Peripheral Pain Site Responds Poorly
A second hallmark characteristic of CAN is that local, peripheral treatments do little, or nothing, for the pain. For example, the usual chronic arthritis patient with intermittent or non-constant pain will report local pain site treatments such as oral anti-inflammatory agents, topical analgesics, injections, electromagnetic measures, and physical therapies to be effective. This may not be the case with CAN because central-encoded pain will require agents that act in the spinal cord and central nervous system to reduce pain. Some patients with CAN will not even experience much pain relief if the peripheral pain site is anesthetized.

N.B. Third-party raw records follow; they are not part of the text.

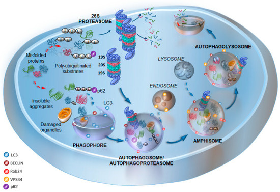 A schematic overview of the cell-clearing systems, with a focus on the interplay between autophagy and proteasome. The cartoon offers a rough schematization of the autophagy pathway, starting from the phagophore biogenesis staining for LC3 and Beclin1, which engulfs cytoplasmic portions containing insoluble aggregates, ubiquitinated substrates, and damaged organelles. The phagophore membrane seals to from the autophagosome, which then fuses with the late endosomes to generate the amphisome. This latter fuses with lysosomes to generate the autophagosome (staining for LC3, Beclin1, Rab24, VPS34, and p62) where cargo degradation occurs. At the same time, ubiquitinated substrates can be degraded by the 26S ubiquitin proteasome (UPS), which is formed by the regulatory subunits 19s and the catalytic subunits 20s. Signals such as p62 contribute to sort ubiquitinated proteins for either UPS or autophagy degradation. At the same time, p62 may serve as a signal to promote the merging of UPS and autophagy into a single organelle, “autophagoproteasome”, where potentiated cell-clearance may take place. Alternatively, the autophagy-dependent degradation of inactive UPS subunits may occur within this compartment, a phenomenon that is named “proteophagy”. Dotted arrows indicate the formation of insoluble aggregates from misfolded proteins and their ubiquitination (red), the shuttling of substrates to the phagophore (blue), and the fusion of endosomes and lysosomes with autophagy vacuoles (blue). Solid blue arrows indicate the progression of the autophagy machinery, the shuttling of ubiquitinated substrates to the UPS, and the shuttling of the UPS within autophagosomes.
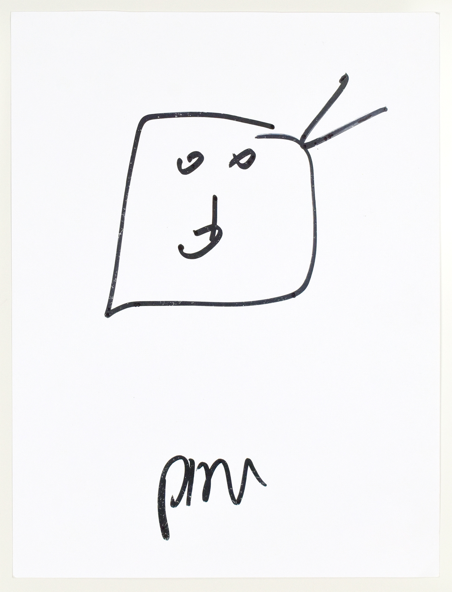 Original-Zeichnung von Nam June Paik mit schwarzem Filzstift (Permanentmarker) auf Papier, am unteren Blattrand signiert. Blattgröße: 27,7 x 21,0 cm. Provenienz: Aus der Düsseldorfer Sammlung eines ehemaligen Mitarbeiters der Kunsthalle. Sehr guter Zustand.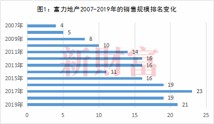 2019年,富力地产的权益合约销售目标1600亿元,最终仅完成86.37%,成为未完成当年销售业绩的6家上市房企之一。在克而瑞的排名中,富力地产又一次跌出了中国房地产行业销售规模TOP20阵营。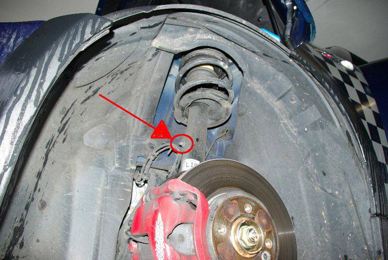 | Jetzt ist die untere Verbindung zwischen Dämpfer und Achsschenkel dran. (18-er Ringschlüssel oder Steckschlüssel). Dabei den Achsschenkel mit (z.B. Holzklotz) abstützen, da dieser nach unten sinkt. [Nachtrag: Position des Dämpfers im Achsschenkel vorher mit einem dünne Filtzstift markieren!] |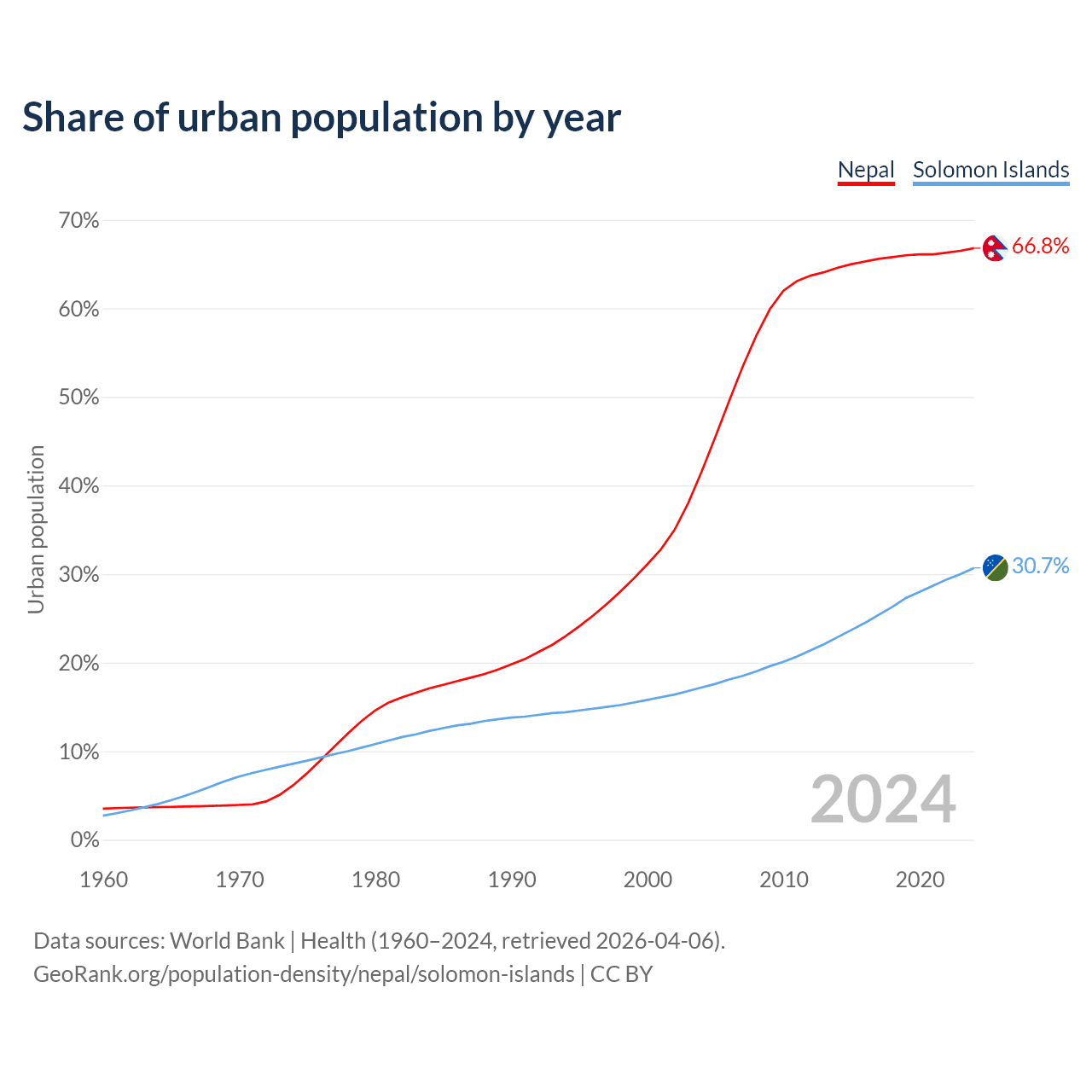 From 2004 to 2024, the share of urban population changed from 41.6% to 66.8% in Nepal and from 17.2% to 30.7% in the Solomon Islands.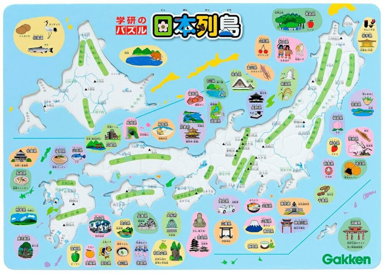 パズル遊びを楽しみながら都道府県の名前や形、位置などが自然に身につく!特産物や世界遺産などの情報が盛りだくさんの日本列島パズル。都道府県パズルはリバーシブルとなっていて、表は都道府県名と都道府県庁所在地の位置に赤丸、裏は都道府県庁所在地名。パズルを取りやすいように8ヶ所取り外し用の穴あき。パズルボードの表に特産物や世界遺産がイラストで紹介。パズルボードの底面に主な河川や山地などを紹介。パズルボードの裏面に8つの地方区分に色分けした日本列島がのっている。また都道府県名クイズ(6問)がのっているので楽しく挑戦!壁に貼れるA2サイズで地理の情報だけでなく、新幹線や鉄道や高速道路などの情報も満載!おかたづけ用袋にパズルがそのまま収納できて便利。【商品内容】都道府県パズル47枚、パズルボード1枚、日本全図(A2)1枚、おかたづけ用袋1枚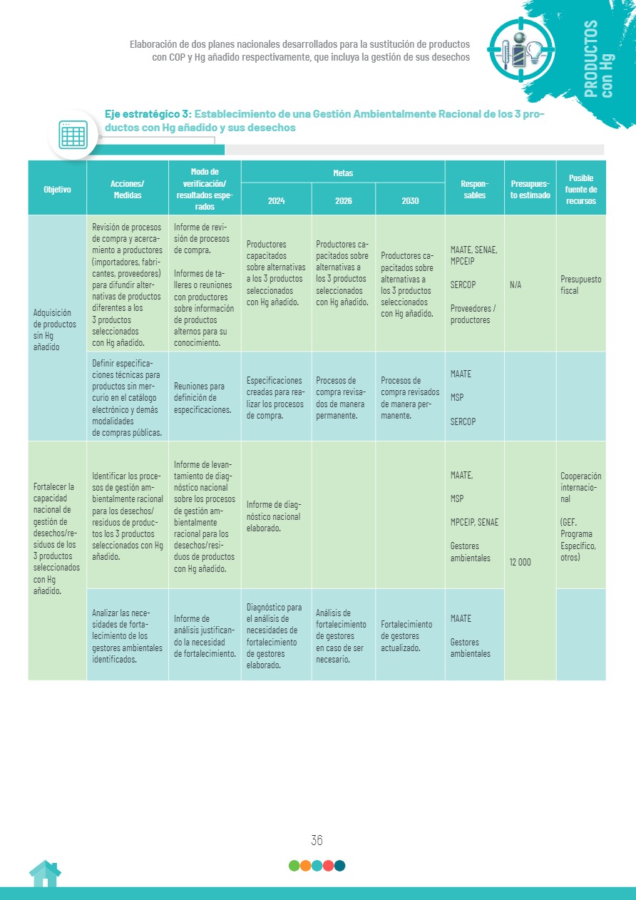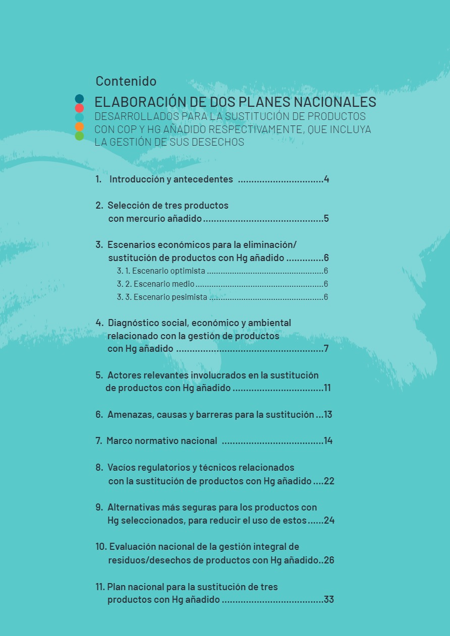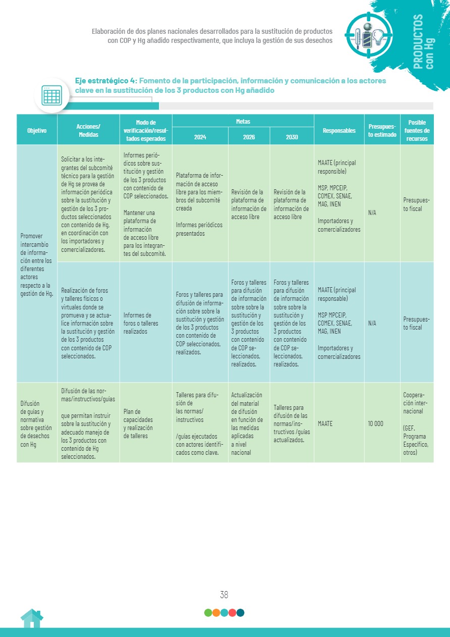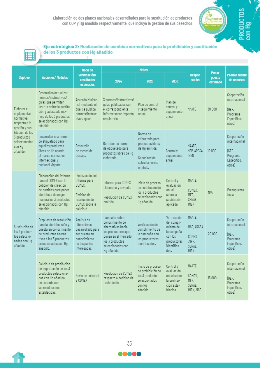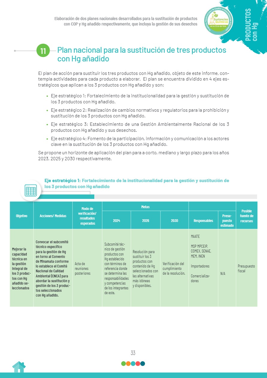 Desarrollo de acciones que permitan abordar la sustitución progresiva de los 3 productos con Hg añadido. El plan comprende 4 ejes estratégicos: fortalecimiento institucional, procedimientos o cambios administrativos y arancelarios, establecimiento de una gestión ambiental adecuada, plan de comunicación y difusión de información a los actores clave y ciudadanía en general.

The initiating pain site may show little sign of inflammation, inadequate healing, or pain on physical manipulation such as pressure or stretching. The peripheral pain site may have what appears to be rather good healing following surgery or injury. As part of a diagnostic evaluation, the pain practitioner should attempt some peripheral pain treatments to determine if the peripheral pain site is active. This might include a topical analgesic, oral anti-inflammatory agent, or anesthetic injection. If there is little or no response to a peripheral treatment, one may then suspect the presence of CAN.